In typical CloudTrail data, the ID fields could include the following: Records.accountId, Records.recipientAccountId, Records.userIdentity.accountId, Records.resources.accountId, and Records.userIdentity.sessionContext.sessionIssuer.accountId. It is a good practice to change the data type of these fields to String to match the purpose of the content and to support string searches against those fields.

With ChaosSearch, you can override the data type of numeric ID fields in the object group Schema Overrides.
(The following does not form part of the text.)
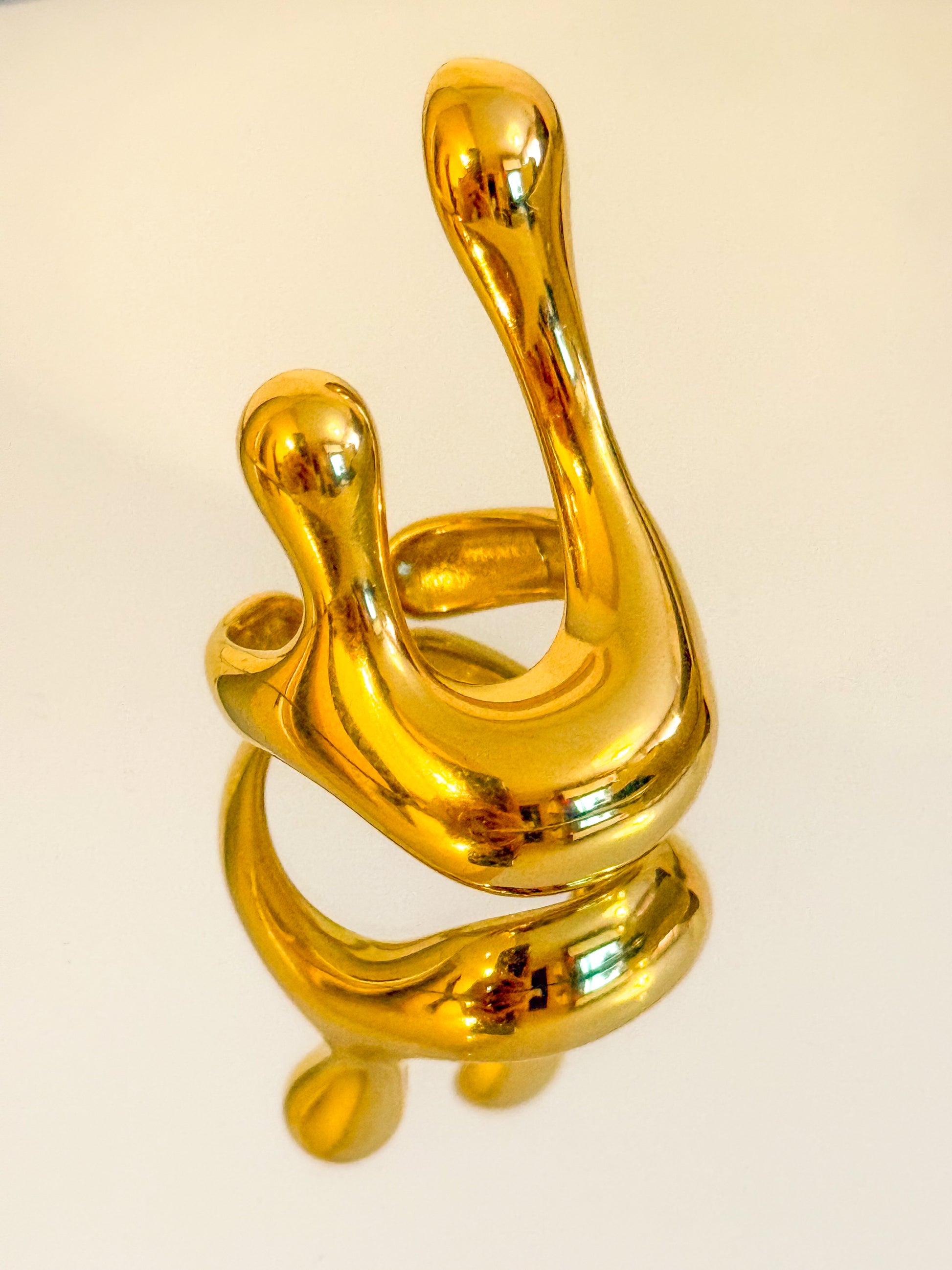 Anillo de líneas fluidas y diseño orgánico. Su forma curvada evoca el movimiento de una ola, moderno y elegante.

A sample screen follows:

You can also pass this information in the payload to the createObjectGroup endpoint, for example

"colTypes": {
      "Records.accountId": "String",
      "Records.recipientAccountId": "String",
      "Records.userIdentty.accountId": "String",
      "Records.resources.accountId": "String",
      "Records.userIdentity.sessionContext.sessionIssuer.accountId": "String"
 }

JSON Column Renaming Recommendations

As shown in the sample CloudTrail log earlier in this topic, the JSON property names could be very long values due to the concatenation of nesting levels for arrays or object properties. For CloudTrail fields in the indexed data, many or all of the fields will begin with the prefix Records. because of the main array. Some sample field names follow:

Records.userIdentity.invokedBy
Records.tlsDetails.clientProvidedHostHeader
Records.eventCategory
Records.errorCode
Records.userIdentity.sessionContext.ec2RoleDelivery
Records.serviceEventDetails.statusMessage
Records.additionalEventData.SwitchTo
Records.serviceEventDetails.DocumentName
Records.additionalEventData.configRuleArn
Records.serviceEventDetails.snapshotId
Records.serviceEventDetails.IsS3EncryptionEnabled

The Records. prefix string is redundant and often can make the eventual Refinery view column names more complex to read and find desired fields, especially when the names are very long. Sometimes internal field names are not very meaningful, and they could be renamed to make them much clearer to users.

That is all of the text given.